Helpful books and other resources on this issue:
Becoming Orgasmic by Julia Heiman (an oldie but a goodie)
Sex for One by Betty Dodson PhD
A Women’s Guide to Masturbation: Getting Off by Jayme Waxman
Are You Coming: A Vagina’s Owners Guide to Orgasms by Laura Hiddinga
Article about Orgasm Concerns from The Sexual Medicine Society of North America
Persistent Genital Arousal Disorder
Persistent genital arousal disorder (PGAD) is an uncommon but very disturbing sexual concern. People with PGAD have unrelenting, unwanted, intrusive, spontaneous sensations in the genitals without thoughts of sexual desire or sexual interest. This was first described in 2001 and often is unreported as people may feel ashamed for having genital feelings that in other situations may feel like sexual arousal. PGAD is often associated with significant personal distress. There is hope– with a thorough evaluation and proper treatment, we are able to help decrease these sensations and the distress that accompanies them.

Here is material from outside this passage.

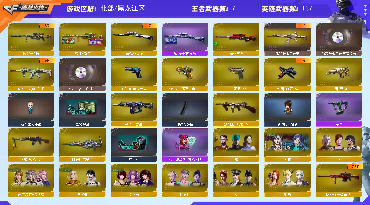 账号很好,欢迎来租 喜欢请收藏 英雄武器】_M200-幻神/M200-竞技荣光/Barrett-毁灭/Barrett-极光(2)/Barrett-朱雀/Kar98K-星神/AWM-天龙/AWM-裁决/M4A1-雷神/M4A1-黑龙/M4A1-龙血(3)/M4A1-黑骑士/黑骑士-海王/M4A1-玫瑰精灵/HK417-朱雀/_Scar Light-白虎/AK47-火麒麟/无影-神兵利器/AK47-雷暴/AK47-黑鲨(2)/AK47-黑武士/AK-47-猩红传说(5)/AK47-B-战士/AK47-B-战神/AN94-超新星/QBZ03-金色蔷薇/王者之心-觉醒版/9A91-烈火(2)/RPK-盘龙(3)/汤姆逊-烈龙(7)/AA-12-雷霆/加特林-炼狱(4)/COP 357-雷霆王者-觉醒版/沙鹰-天神/沙鹰-修罗(4)/柯尔特-竞技荣光/USP-雷暴(2)/麒麟刺-堕天神/龙啸(8)/龙啸-堕天神(2)/王者之啸-觉醒版/擎天(2)/擎天-竞技荣光(4)/屠龙(3)/斩神刀-雷暴/高爆手雷-雷暴(7)/高爆手雷-堕天神(3)/高爆手雷-竞技荣光(8)/烟雾弹-雷暴(7)/烟雾弹-堕天神(3)/烟雾弹-竞技荣光(8)/烟雾弹-雷霆王者-觉醒版/闪光弹-雷暴(7)/闪光弹-堕天神(3)/闪光弹-竞技荣光(9)/闪光弹-雷霆王者-觉醒版/龙啸-烈火龙威 【王者武器】高爆手雷-雷霆王者 【小人枪】火麒麟-灵狐/M4A1-雷神-精英刀锋/AWM-灵狐-15周年嘉年华/裁决-雪莉杨/巴雷特-零-水下丽影/斯泰尔-蝴蝶/迷你深渊冰龙(3)/魔能飞环-曼陀罗/迷你牛牛(4)/生化手雷-机甲核心/深渊终结者手雷(2)/迷你生化手雷 【其他重要武器】炫金火麒麟/M4A1-十二生肖·龙-雷神/黑骑士-摸金校尉/M4A1-仙界-黑骑士/激光毁灭者III-白马银枪/激光毁灭者III/M4A1-秘银赤龙(5)/QBZ03-锋芒破茧/M4A1-S-能量核心/M4A1-S-火种/AK103-神秘黑洞/AK47-雷蛇/M4A1-水枪-机甲核心/AK47-轮回/G3A3-SS-枪王排位(3)/M4A1-紫狱/AK47-丹龙/M4A1枪王排位II(2)/AK-47-二次元(3)/雷神-赛博幻想/AK47-大帝林肯(2)/M4A1-圣诞2021/AK47-牛魔王/雷神-赛博朋克/M4A1-牛魔王/黄金AK-47(2)/AK47-十二生肖-蛇/HK417-红龙/AK47-绚樱/火麒麟-桃园结义/M14EBR-情人节2020/海浪AK47/9A91-蓝色骑士/神罚/雷蛇AWM/M200-WeGame/M82A1-水枪-机甲核心/凤凰之力/M200-神秘黑洞/AWM-A枪王排位II(2)/黄金AWM(2)/M200-青帝/Barrett-怒火大圣/Barrett-牛魔王/AWM-CFS 2020/AWM-A/破天九龙/AWM-十周年/AWM-恶棍-枪王排位/AWM-万圣节刀锋/暗金M200/M200-赤血龙魂/KAC-圣炎切割者III/KAC-小动物/致命乱世-超越Max/EVOIII-萌杀/EVO III-赤血龙魂(3)/神圣爆裂者-末日(3)/试炼破坏者III/神圣爆裂者/征服者-地狱之火 [Lv Max]/Spas-12-幻能朋克/SPAS-12-雷电核心/沙鹰-枪王排位(5)/新USP-枪王排位奖励(6)/沙鹰-雷蛇/愤怒公牛左轮-枪王排位/COP-金蝉子-枪王排位(2)/柯尔特-百城/幻影沙鹰-枪王排位/USP-黑大圣/COP 357-平天大圣/新USP-怒火大圣(2)/幻影Anaconda-枪王排位/修罗-摸金校尉/COP 357--绚樱/COP 357-子鼠/蝴蝶刀-枪王排位/虹光丛林匕首-枪王排位(2)/幻影双斧-枪王排位(2)/啸天/虹光女皇利刃-枪王排位/收割者-枪王排位/斩魔刀-怒火大圣/鹰爪-枪王排位/丛林匕首-卧龙(4)/闪光弹-枪王排位(7)/胜利奖杯烟雾弹-枪王排位(5)/胜利奖杯闪光弹-枪王排位/手雷-能量核心(2) 【重要武器皮肤】幻神-降龙/星神-璀璨皮肤/巴雷特-毁灭-CFPL冠军/毁灭-星空/极光-能量核心/天龙-CFSTAR/火麒麟-CFSTAR/火麒麟-华夏之心/火麒麟-轻羽皮肤/火麒麟-冠军之心/AK47-黑武士-361/AK-47-雷神/雷神-虎将/雷神-耀金皮肤/雷神-暗月/黑骑士-伏羲/黑骑士-少林/黑骑士-暗月/黑龙-能量核心/HK417-朱雀-武当/战神-流金岁月皮肤/战神-紫绶金章皮肤/战神-粉色甜心皮肤/修罗-星空 【重要光效】炼狱-悦蓝金色光效/王者之心金色光效/AK47-黑武士蓝色光效/RPK-盘龙蓝色光效/AK47-火麒麟蓝粉色光效/AK47-黑武士蓝粉色光效/M4A1-雷神蓝粉色光效/M4A1-黑龙蓝粉色光效/Barrett-毁灭绿色光效 【重要音效卡】Barrett-极光音效卡/M4A1-黑骑士音效卡/QBZ03-金色蔷薇音效卡/Scar Light-白虎音效卡/M4A1-雷神音效卡/Barrett-毁灭音效卡/AK47-火麒麟音效卡 【重要戒指】15周年限定戒指/龙眼(死神)/龙眼(鹰)/金蛇戒/银蛇戒/16赛季纪念戒指-枪王耀金/17赛季纪念戒指-耀金/18赛季纪念戒指-耀金/20赛季纪念戒指-耀金/21赛季纪念戒指-耀银(拇指)/22赛季纪念戒指-耀银(拇指)/23赛季纪念戒指-耀银(拇指)/23赛季纪念戒指-耀银(食指) /24赛季纪念戒指-耀铜(食指)/24赛季纪念戒指-耀银(拇指)/25赛季纪念戒指-耀铜(拇指)/26赛季纪念戒指-耀金(拇指) 【拥有重要玩偶】黄金幸运猪猪玩偶;USP-雷暴,电竞教官-云悠悠,RPK-盘龙,QBZ03-金色蔷薇,M200-幻神,Scar Light-白虎,Kar98K-星神,

Sexual Arousal (Lubrication) Problems
A wide variety of issues can contribute to problems with arousal– from psychological and relational concerns to physical concerns. Are you having the sex you want to have? Are you able to communicate with your partner(s) about what feels good to you? Is it hard to keep your attention on satisfying sensations? Do you have vulva and vagina dryness due to menopause and low estrogen? Many medications can contribute to problems with arousal. And chronic medical illnesses such as diabetes, high cholesterol,hypothyroidism as well as cancer and its treatments can affect arousal. Childbirth, breastfeeding, and infertility treatments may also have an impact. We can help sort these reasons out and help you on your way to having more satisfying sex. We are also experts at helping couples manage and even thrive when sex is less satisfying.
For some initial things to try, please check out our page on lubricants and moisturizers.
These are just some of the most common sexual concerns we hear about. There are a wide variety of other sexual concerns — changes in genital sensation, post orgasmic illness syndrome, orgasmic headaches — the list goes on and on. If you are concerned about any aspect of your sexual experience, call us, we can help.
*We recognize that gender is a complicated and evolving topic. Often people with penises are men, but sometimes they are not. Often people with vulvas and vaginas are women, and sometimes they are not. Truly, we are all more alike than different. Language continues to be complicated in this area. Please note we care for clients where they are and respect the language each client chooses for their gender, their parts, and their identity.